Surely what they are saying they are doing is not really possible. They cannot with certainty verify who is paying who. They might be able to make probabilistic statements, but not certainty in all cases.
Even probabilistic data is bad. They could use it for targeted advertising for instance.
Plausible deniability is not the be-all and end-all. Even if they don't know for sure it could be reason enough to put you under further surveillance.
Was it not that a person had all his electronic equipment confiscated and brought in for having a bitcoin-node associated with a rogue transaction displayed on blockchain.info earlier on?
If there are entities paying for analysis of the block chain, and it's acted upon (by law enforcement) data that cannot be fully trusted, it could cause lots of troubles.
Also, while blocking ip's of nefarious nodes is a temporarily solution, it's only an annoyance for the perpetrators, and given they have sufficient resources, they could further hide their activity as to not give away their intentions.

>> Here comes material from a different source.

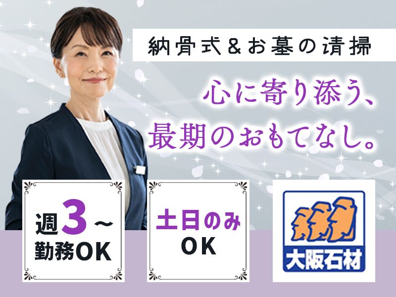 仕事内容: 開眼納骨式のお手伝いをメインに、 墓地・霊園の清掃のお仕事を お任せします◎ 【具体的なお仕事内容】 ■納骨式でのお仕事 (事前準備や後片付け) ・式が始まる前の墓地・霊園の清掃 ・参列者の記録 ・納骨式の風景の撮影 ・後片付け ・報告書の作成 など ※納骨式は多くても1日2件です (基本的には土日祝のみ) ■墓地・霊園での清掃のお仕事 ・全体の掃き掃除 ・枝の剪定 ・夏場の草抜き など ※1現場数名で作業をします。 \1日の勤務内容☆/ 午前:納骨式 午後:清掃業務(納骨式がない日は午前から清掃) 雨天で清掃業務が中止になった際は、 ポスティング作業を行います◎ 1人での作業も多くありますが、 わからないことや困ったことがあれば 先輩がしっかりとサポートしますので、 ご安心ください^^ あなたのペースで着実に 知識やスキルを身に付けられます◎

Given they have enough resources, they could even have automated ip-switching going on. Once an ip is blocked by a sufficient number of legit nodes, they just switch the ip of that node, and all of that could be automated. So in essence blocking the IP's are a bit like holding your hand over a hole in your rowing boat that is leaking in water, might give you some temporarily relief, but is not a lasting solution.
Now - it's near impossible to know who really controls a node, if they really want to go stealth. If a node acts like a normal node in all ways, why should it not be considered a normal node?
If I understand it right, the chainalysis mode of operation is for them to connect to as many nodes as possible, so if I do a transaction directly from ip A, which runs a full bitcoin core node, be it on a cable-connection or otherwise, if cainalysis is connected to the node where the tx is orginating, the ip-address of the node where the transaction was orginating is recorded within the chainalysis database. They will probably use many other sources to get more info about the owner of that ip-address. If they're only a private company they will have less data points to work with, but if they're an intel agency, there's virtually no limit as to how sophisticated the systems could be, in theory they could plugin directly to the customer database of ISP's and have names displayed in real time in association with the IP's. Information that could further be relayed and shared with relevant parties.
Bitcoin is only pseudonymous, as everyone can lock up a transaction in the block-chain, and I assume network analysis cannot be prevented, but I do think it should be made more difficult.
But a blacklist solution is dangerous. Who's to decide what goes on the blacklist, and who's to verify the decisions are correct? Perhaps some automated solution in bitcoin core where peers that's behaving unexpectedly could be automatically banned is a better solution? But again, that's much like holding hand over leaking hole, as if certain footprints reveals rogue nodes, they will only change their appearance to appear more legitimate. And I'm not sure, but I believe bitcoin traffic is unencrypted in transit, so what prevents an intel org from manipulating the traffic (making legit nodes appear rogue), in essence grinding the entire network to a halt if nodes automatically ban misbehaving nodes?
I'm no TOR expert, but I've noticed there's been much mumbling about TOR not being all that secure anymore, so would a normal user really be more secure if he used Bitcoin+TOR?
Since bitcoin is supposed to be trustless, if we started to make a whitelist of legit nodes, that would go against that ideal.
So, in reality, how do we ensure that most nodes on the network are legit, and what's the best method of blocking rogue nodes from connecting to your own node?
In my view, in essence it boils down to freedom and privacy. There's something fundamentally wrong when certain people need to exert "control" over others against their will.